Here's a few pictures from the other cameras from PCMC:

Primary Children's Hospital

Drew's EEG . . .

. . . and in the next room Dawson's EEG

NOT happy about the IV. . .

but we made it. Brave dude!

Dawson's MRI followed by. . .

Drew's MRI

In recovery with both . . .

my beautiful boys

Best Friends/Brothers

Another thing we've had going on lately is Halle's Migraines. They got bad enough over the Christmas break that we took her to the doctor. They found a "flutter" in her left eye (I don't really understand what that means). That's where here headaches have been too. So they did an MRI. . . which showed inflammed sinus's, but that's all. Migraines can be connected with epilepsy so of course it makes Kev & I have to just. keep. breathing.
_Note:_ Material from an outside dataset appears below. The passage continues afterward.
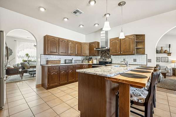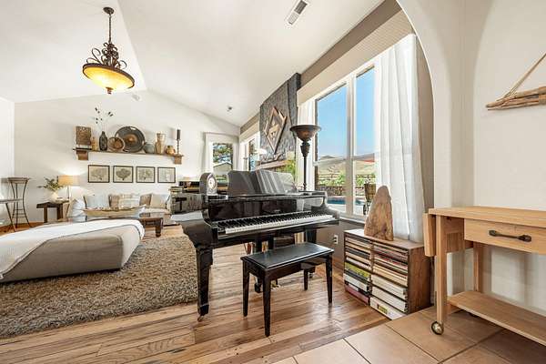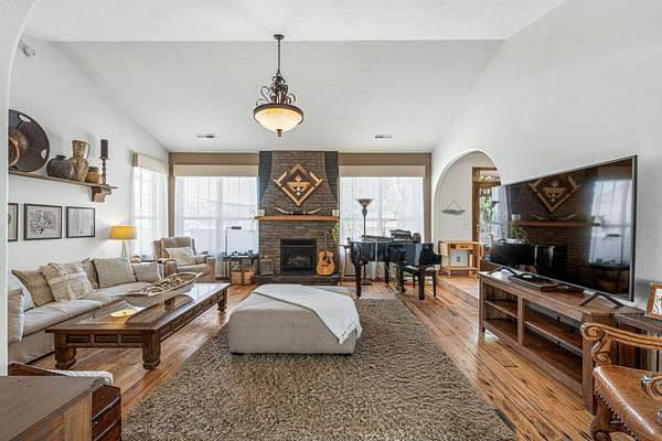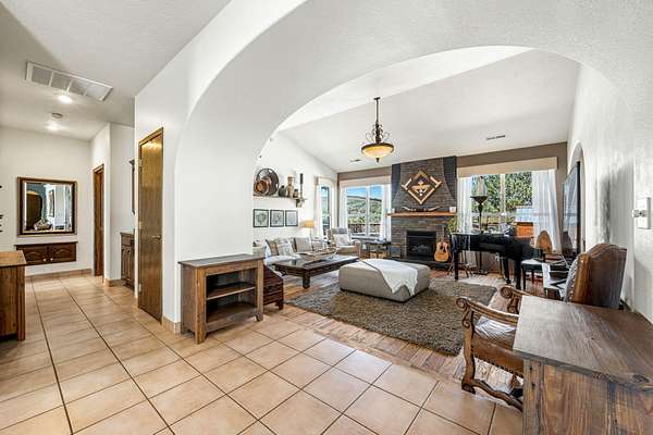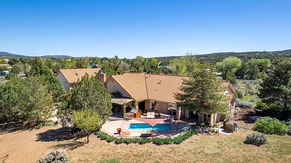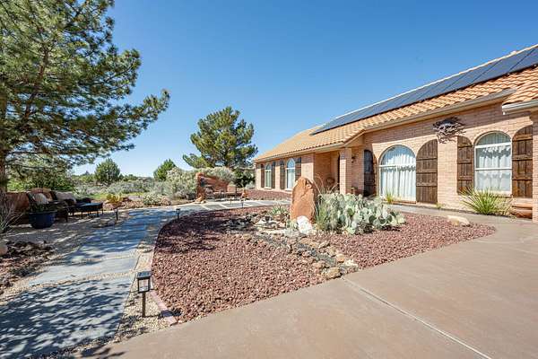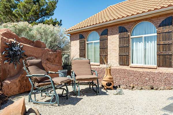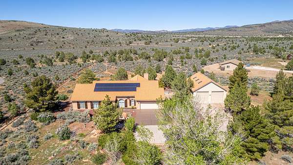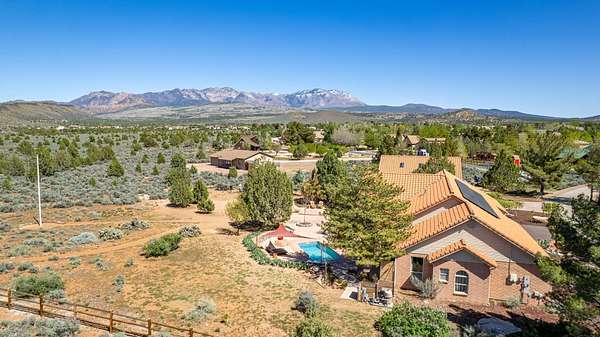 Experience this beautifully-appointed Dammeron Valley home, offering highly-coveted privacy, space, and breathtaking Pine Valley and Veyo Volcano views while backdrops of brilliant purples, oranges, reds, yellows, and blues paint the skies at sunset that settle into dark sky-friendly, star-lit nights. Inside, warm wood finishes highlight a welcoming great room with large arched entries, fireplace and an open, functional kitchen featuring abundant cabinetry, generous counter space, and bar seating. The spacious primary suite includes a cozy fireplace and spa-like bath for relaxing. Step outside to your private backyard with a pool, expansive patio, pergola seating with cozy firelight ambience and open views - perfect for enjoying quiet evenings or hosting. This property includes a detached shop/double RV garage, a self-contained garden area, and solar panels for energy conservation, plus abundant fruit trees throughout the yard. Enjoy access to community gardens, horse trails, hiking, and fishing at nearby Sand Cove Reservoir - all just minutes from the charming Bold & Delaney Community Winery. Served by the prestigious Dammeron Valley Fire Department, this home offers a rare blend of comfort, recreation, and scenic beauty nestled on 2.41 acres with no HOA. Residents pay $550/year for the Prestigious Fire Department. Already paid for 2026 by the seller. This particular street in the community opted out of the HOA.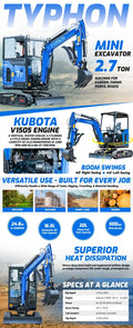 TYPHON TERROR X2 Mini Excavator 2.7 Ton Trench Digger EPA Diesel Kubota V1505

She was really nervous to go but we got through it.

Afterward we got haircuts together (hair ties and things have been making the headaches worse). Anyway, she was super loopy and tired in the chair but we ended up looking pretty cute :)

We are doing pretty good considering it all. Still trying to keep everything as normal as possible. Halle does much better when she has LOTS of sleep and no extra stress. So that's what we're working on.

It was an awesome Christmas break. LOVED having Kevin home!!! I'll blog about it later. But there's the updates for now anyway.